A r t i c l e s
Navigation

Note: This Wiki is
outdated, personal views
may have changed.
L505 A.I. bot is dead
long live THX 1138

M a i n P a g e

D i r e c t o r y

MySQL Optimization


On medium to large databases (more than 3GB of data in one table) It's very important to have a sufficiently optimized database - the standard programmer uploads data and focuses his time and effort optimizing the code instead of the database. In really large databases a large key_buffer_size can help. However first before playing with database settings it is essential to study and experiment what the indexes are doing. In many cases a simple change to the query can take a 30 second response time down to a 0.030 response time or a 0.30 response time.

Don't believe that indexes will just magically help your performance as soon as you create them. There are issues which cause indexes to be useless. Even tables with proper indexes can have queries that scan through almost the entire table even though the index is generated optimally. For example calling the UPPER() function, or performing functions on the left side of your equal equations can cause your database to be almost scanned through entirely - because MySQL isn't as smart as one would assume. Don't assume anything.
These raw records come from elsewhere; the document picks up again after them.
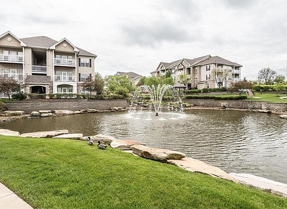 New agent, new price. Rare ground floor unit with attached garage. Drive right in and enter your condo through a private entrance. Almost 1,300 sqft BIG. Many details you must see: NEW carpeting, 42â kitchen cabinets, brush NICKEL hardware, GRANITE counter tops, CROWN molding and chair rail, ceramic tile floors, TV entertainment nook, recently painted sculpted walls. Ceiling fans with remote, 2 bedrooms, 2 full bathrooms. Private patio facing the lake. Of course, all the amenities youâd expect in a condo community: POOL, fitness room, theatre, business center. Close to Page Extension, KATY trail, and Creve Coeur Park.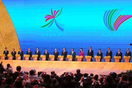 | Các nhà lãnh đạo ASEAN tại lễ khai mạc Hội chợ, Hội nghị thượng đỉnh Thương mại-Đầu tư ASEAN-Trung Quốc |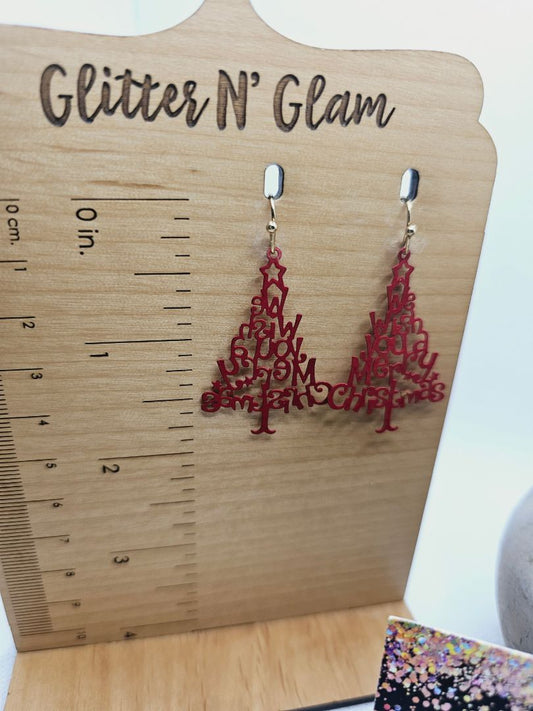 Glitter N Glam 1998 "We Wish You A Merry Christmas" Red Tree Dangle Earrings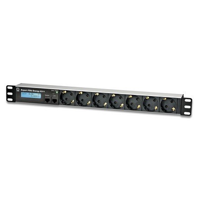 PDU med 2 x effektmåling. Via nettverk, 7 x Schuko, opp til 16A, inngang til ekstern sensor.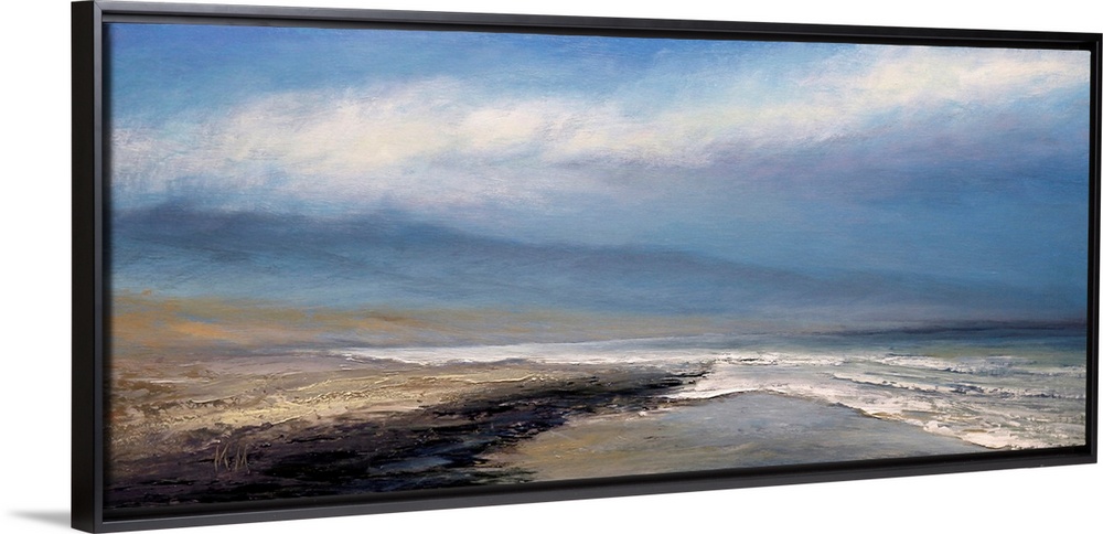 <p>Abstract beachscape painted in muted blues and browns.</p>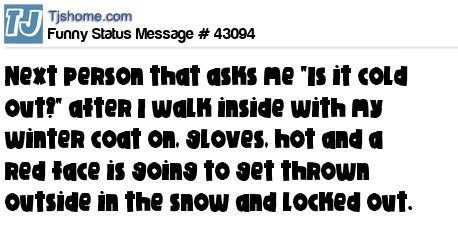 X Next person that asks me "Is it cold out?" after I walk inside with my winter coat on, gloves, hot and a red face is going to get thrown outside in the snow and locked out.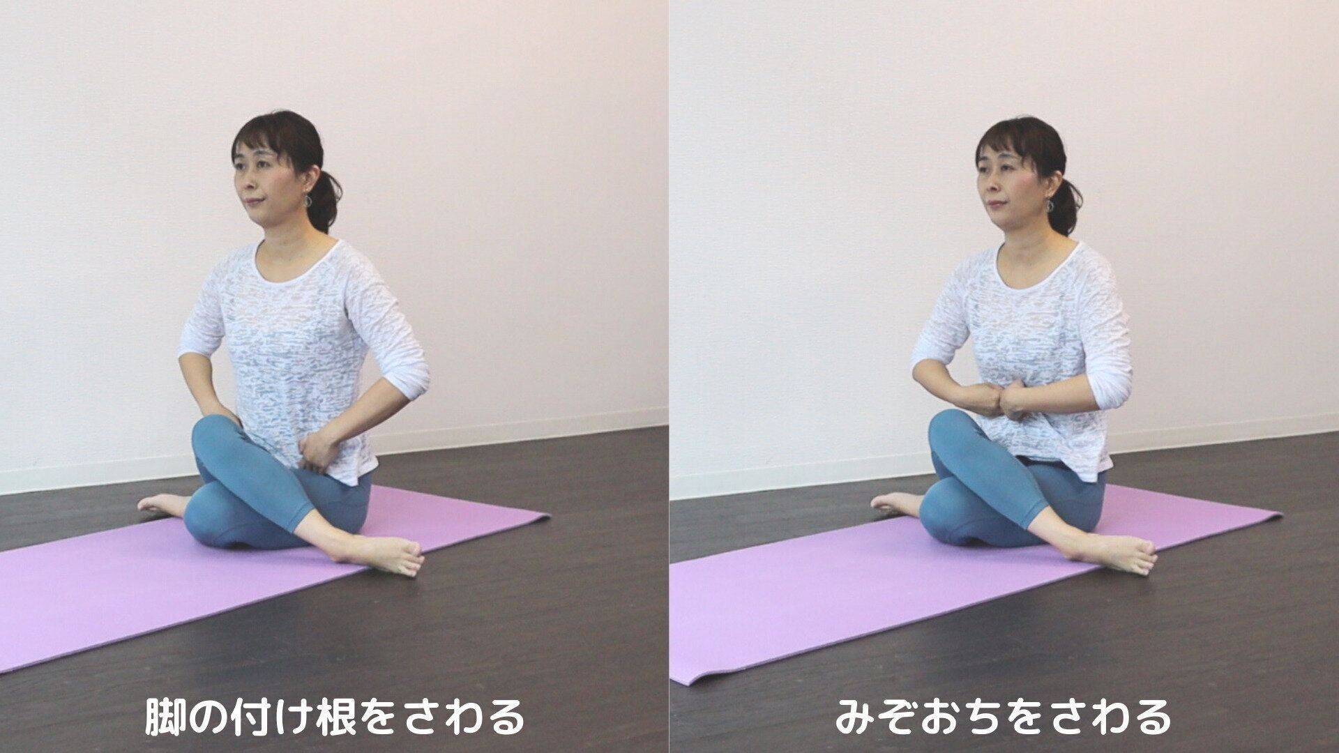 脚のつけ根とみぞおちをさわっておくと、ムダな力が抜けてポーズがやりやすくなります。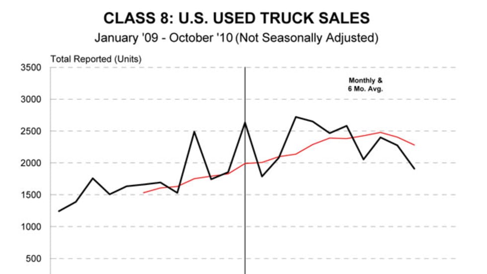 The volume of sales of used heavy-duty (Class 8) commercial vehicles has slowed in recent months, declining 16 percent month-over-month in October according to ACT Research Co

Everyone says indexes help performance - but it isn't as simple as creating the index.

One thing to try, before you get carried away with increasing key_buffer_size or creating indexes, is to delete all your indexes and get a low down or a bottom line figure for how your database is performing without them. Mark it down. Save an SQL script that regenerates the indexes. If after deleting your indexes (except the primary key) the database is much faster or there is no difference, then you've probably got to change something in your SQL statement.

If you know about indexes, you might be thinking.. why not just run the query without the index, specifying that no index be used in the SQL query? Well - deleting the indexes is still better - it gets rid of them so that you don't have any room for mistakes (such as forgetting to specify no index). Make sure however that you know how to regenerate your indexes if you are going to delete them. Deleting your indexes could cause your development team to come and kill you - don't do this unless you know what you are doing or you have basic knowledge about how to recreate your indexes.

If you are fairly fast, but not fast enough

If you find that indexes help and you have no problems in your sql statements (such as functions on the left hand side of equations) and you still want to tune the DB to be faster - try the key_buffer_size tuning (this is not tuned on shared servers by you, you will have to contact your web host).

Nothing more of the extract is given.